Logs: https://cmssdt.cern.ch/SDT/code-checks/PR-20666/1024

cmsbuild · 2017-09-28T09:30:01Z

A new Pull Request was created by @skurz for master.

It involves the following packages:

Configuration/Applications
FastSimulation/Calorimetry
FastSimulation/Configuration
FastSimulation/Event
FastSimulation/ForwardDetectors
FastSimulation/HighLevelTrigger
FastSimulation/MuonSimHitProducer
FastSimulation/SimplifiedGeometryPropagator
FastSimulation/Tracking
FastSimulation/TrackingRecHitProducer
FastSimulation/Validation
HLTriggerOffline/Btag
IOMC/RandomEngine
MuonAnalysis/MomentumScaleCalibration
MuonAnalysis/MuonAssociators
PhysicsTools/HepMCCandAlgos
PhysicsTools/PatAlgos
PhysicsTools/PatExamples
RecoJets/JetAssociationProducers
RecoLuminosity/LumiProducer
RecoParticleFlow/Configuration
RecoParticleFlow/PFProducer
RecoParticleFlow/PFSimProducer
RecoParticleFlow/PFTracking
SLHCUpgradeSimulations/Configuration
SimCalorimetry/HcalSimProducers
SimG4Core/CustomPhysics
SimGeneral/DataMixingModule
SimGeneral/MixingModule
SimGeneral/TrackingAnalysis
SimMuon/MCTruth
Validation/EcalDigis
Validation/EcalHits
Validation/EcalRecHits
Validation/HcalDigis
Validation/HcalHits
Validation/HcalRecHits
Validation/RecoEgamma
Validation/RecoParticleFlow
Validation/RecoTrack

The following packages do not have a category, yet:

FastSimulation/SimplifiedGeometryPropagator
Please create a PR for https://github.com/cms-sw/cms-bot/blob/master/categories.py to assign category

@perrotta, @smuzaffar, @civanch, @Dr15Jones, @vazzolini, @lveldere, @kmaeshima, @ssekmen, @kpedro88, @dmitrijus, @cmsbuild, @franzoni, @mdhildreth, @slava77, @vanbesien, @monttj, @davidlange6 can you please review it and eventually sign? Thanks.
@ghellwig, @TaiSakuma, @gouskos, @felicepantaleo, @schoef, @rappoccio, @sviret, @argiro, @Martin-Grunewald, @imarches, @ahinzmann, @mmusich, @seemasharmafnal, @mmarionncern, @JyothsnaKomaragiri, @makortel, @acaudron, @jhgoh, @lgray, @jdolen, @HuguesBrun, @ferencek, @trocino, @abbiendi, @GiacomoSguazzoni, @rovere, @VinInn, @jdamgov, @bellan, @nhanvtran, @gkasieczka, @wmtford, @ebrondol, @mtosi, @dgulhan, @battibass, @wddgit, @calderona, @mverzett, @cbernet, @gpetruc, @matt-komm, @mariadalfonso, @pvmulder, @bachtis this is something you requested to watch as well.
@davidlange6, @slava77 you are the release manager for this.
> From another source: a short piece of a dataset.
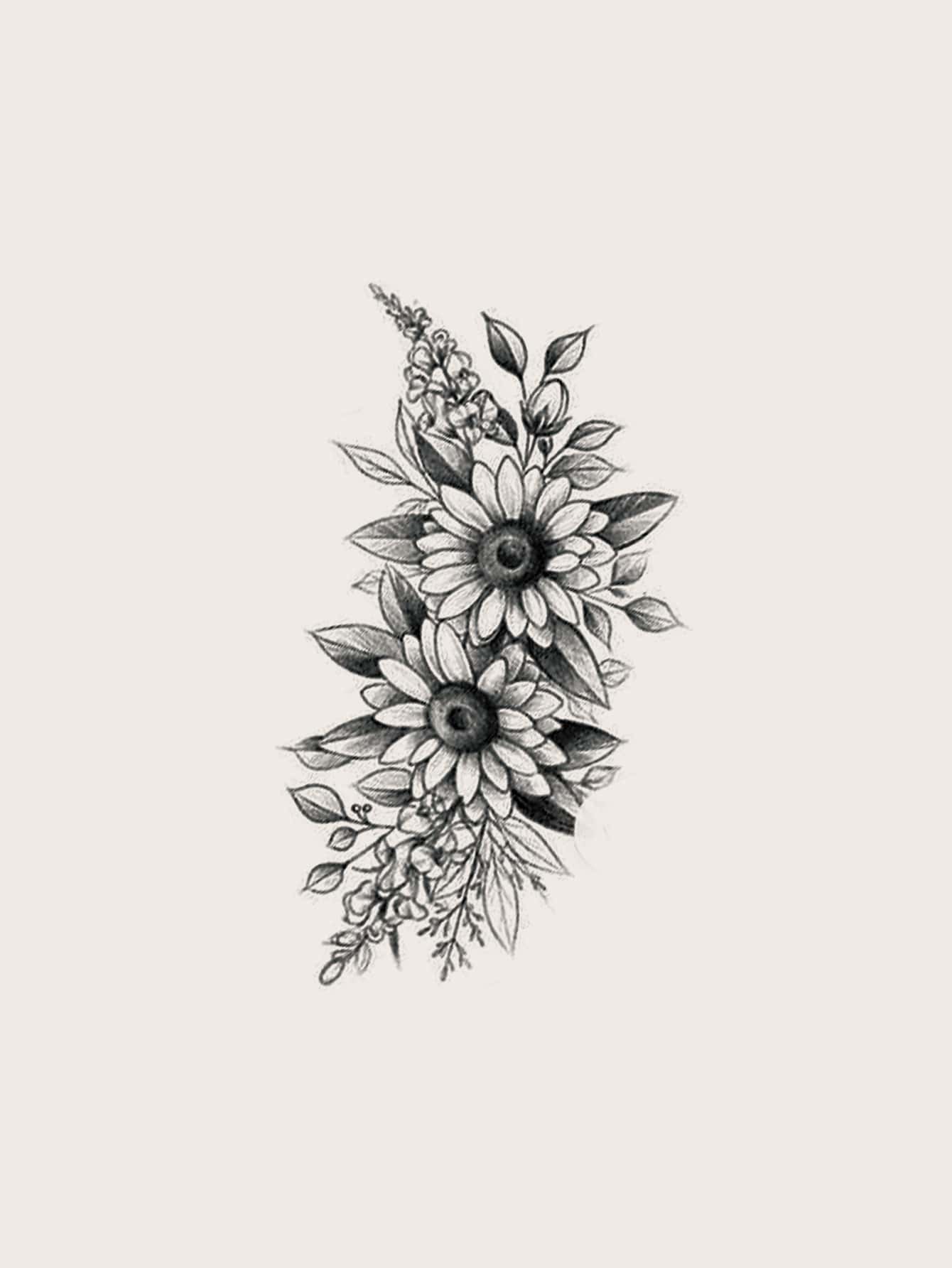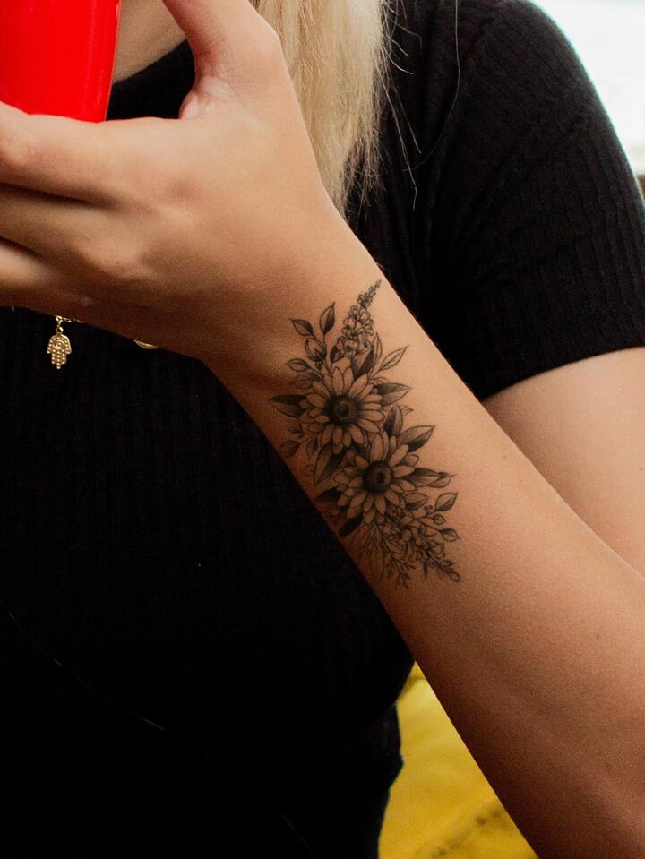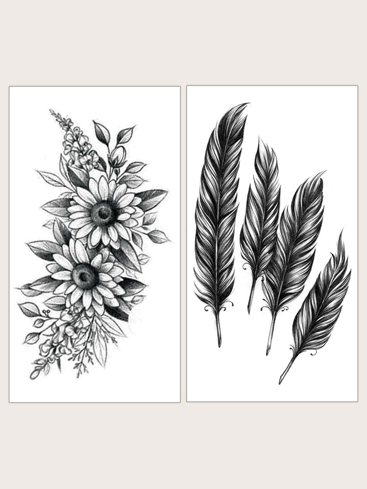 2 fogli Tatuaggio fiore & con stampa piume

cms-bot commands are listed here

Dr15Jones · 2017-09-28T11:46:53Z

please test

Dr15Jones · 2018-02-13T12:51:33Z

@smuzaffar can we get stack traces for any of these jobs?

skurz · 2018-02-13T13:04:54Z

I am also looking into this now. I can reproduce the increase in runtime and I'm doing some timing test to see where it comes from. However, I can't reproduce that the test sometimes gets stuck.

skurz · 2018-02-13T13:30:54Z

Ok, I found the problem. The calorimetry is initialized every single event which obviosly doesn't make sense. These lines should rather go into a beginRun(...) method:
https://github.com/skurz/cmssw/blob/0c0d5f3f770e17ee599cc08f12c14a2b1c886bda/FastSimulation/SimplifiedGeometryPropagator/plugins/FastSimProducer.cc#L197-L212
What do you suggest? How should we proceed?

Dr15Jones · 2018-02-13T13:34:20Z

You could also use an ESWatcher to call the update code only when the conditions change. You can find the ESWatcher in FWCore/Utilities.

skurz · 2018-02-13T13:47:31Z

Ok, so what do I have to do as the PR has already been merged? Do I have to make a new PR?
And what do you think makes more sense? Using an ESWatcher or adding the beginRun method?

Dr15Jones · 2018-02-13T13:58:49Z

You need a new pull request and ESWatcher is the better solution.

civanch · 2018-02-13T14:48:48Z

I would think, that if before ESWatcher was not used in FastSim this means that FastSim is performed with fixed conditions.So, I may be wrong but beginRun corresponding to what was before.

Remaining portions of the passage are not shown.